Find out more on our Hospitality page or our London accountants page at pulse-accountants.co.uk.

 

Talk to a hospitality accountant who understands London

If you are running a limited company in London hospitality and want a straight conversation about your tronc setup, your VAT treatment, a capital allowances opportunity, your payroll structure, or whether your current accountant is doing everything they should — we would like to hear from you.

The first conversation is free and without any obligation.

Get in touch:

Email: help@pulse-accountants.co.uk

London office: 368 Gray's Inn Road, King's Cross, London WC1X 8BB

Head office: Newton Aycliffe, County Durham

Newcastle office: 3-7 Broad Chare, Newcastle upon Tyne.

FAQ's 

What makes a hospitality accountant different from a general accountant? A specialist hospitality accountant understands the operational realities of running a venue — tronc schemes, eat-in versus takeaway VAT, capital allowances on fit-outs, holiday pay for irregular workers, and seasonal cash-flow management. A generalist accountant treats a restaurant like any other small business and consistently misses the tax opportunities and compliance risks specific to the sector. For a London limited company carrying the cost base of the capital, that difference is measured in tens of thousands of pounds annually.

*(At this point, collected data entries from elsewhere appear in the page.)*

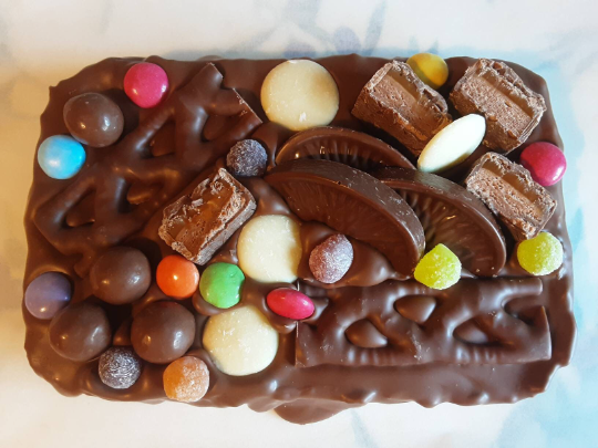 Our Belgian Milk Chocolate Flapjack Slab with Chocolate and Jelly Sweets consists of a slab of our Homemade Flapjack. The slab, which measures approximately 17cm x 11.50cm, is covered with Belgian Milk Chocolate and then topped with an assortment of sweets which could include Maltesers, Mars Bar, Milkybar Buttons, Smarties, Jelly Tots, Curly Wurly to name a few! The finished product may differ slightly from the photograph as it will be freshly made to order just for you.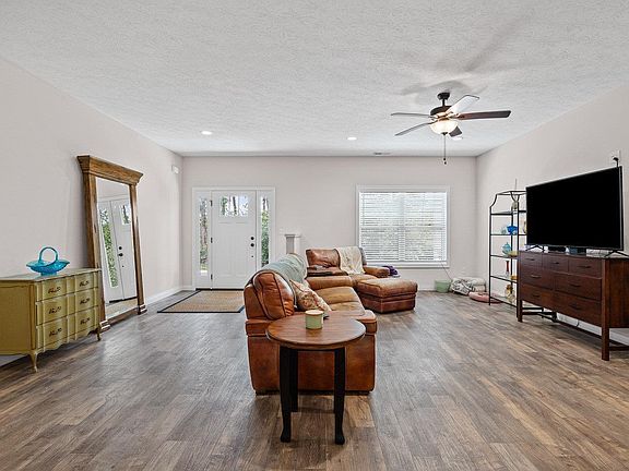 Set on just over 2 acres in east Tippecanoe County, this custom-built 2022 home offers nearly 2,000 square feet of modern comfort and thoughtful design. Surrounded by mature trees and a peaceful wooded backdrop, the property provides both privacy and convenience. Inside, a welcoming foyer flows into a vaulted great room, where natural light fills the open living, dining, and kitchen spaces. The kitchen is a baker’s dream with stone countertops and ample workspace. Off the back, a fully screened three-seasons room lets you enjoy the beauty of your wooded lot year-round. The split floor plan offers privacy, with a jack-and-jill bathroom featuring separate vanities, a private water closet, and shower. The spacious primary suite connects to an ensuite bath, oversized walk-in closet, and directly into the laundry room—an ideal mix of luxury and practicality. Sheet laminate flooring extends throughout, making upkeep easy. This home blends custom craftsmanship with modern efficiency, creating a rare find in Lafayette’s countryside.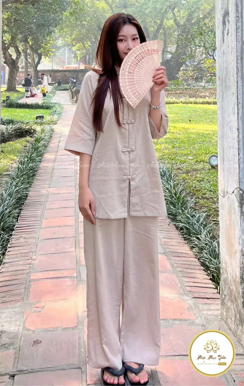 Đồ Lam La Hán Nữ Đài Loan Đũi Vân Mây Màu Kem

How does a tronc scheme save money for a London hospitality business? A properly structured tronc scheme, administered by an independent troncmaster, allows tips and service charges to be distributed to staff free of employer National Insurance contributions. For a London venue with a significant front-of-house team, the employer NIC saving on tips flowing through a correctly structured tronc can run to tens of thousands of pounds a year. The 2024 tipping legislation did not remove this benefit — but it tightened the conditions under which it applies.

What capital allowances can a restaurant or bar claim on a fit-out? Qualifying plant and machinery in a hospitality fit-out includes commercial kitchen equipment, refrigeration, extraction, bar fit, EPOS systems, sound and lighting, and security systems. The Annual Investment Allowance allows 100% relief on up to £1 million of qualifying expenditure per year. On a typical London bar or restaurant fit-out, correctly identified and claimed capital allowances generate significant Corporation Tax relief in the year of spend — often six figures for major refurbishments.

Does VAT apply to delivery platform orders for London restaurants? Yes, but the treatment is more complex than applying 20% to the order value. Delivery platform commissions, net income calculations, tips through the platform, and the underlying VAT rate on the food all need to be treated correctly and separately. Operators who apply a blanket treatment to delivery income frequently have VAT errors compounding across thousands of orders.

Does Pulse Accountants only work with London hospitality businesses? No. While we have a London office at 368 Gray's Inn Road, King's Cross, we support hospitality limited companies across the UK from our head office in Newton Aycliffe, County Durham and our Newcastle office. We work with operators in London, the North East, and nationally — the same level of specialist expertise wherever you are based.

What is the biggest financial risk for London hospitality operators in 2026? The combination of rising employer National Insurance costs, National Living Wage increases, and HMRC's intensifying focus on cash business compliance creates a significant risk for operators who have not modelled their full cost base and reviewed their till compliance recently. The operators most exposed are those carrying underestimated payroll costs and informal cash handling arrangements that have not been reviewed against current HMRC standards.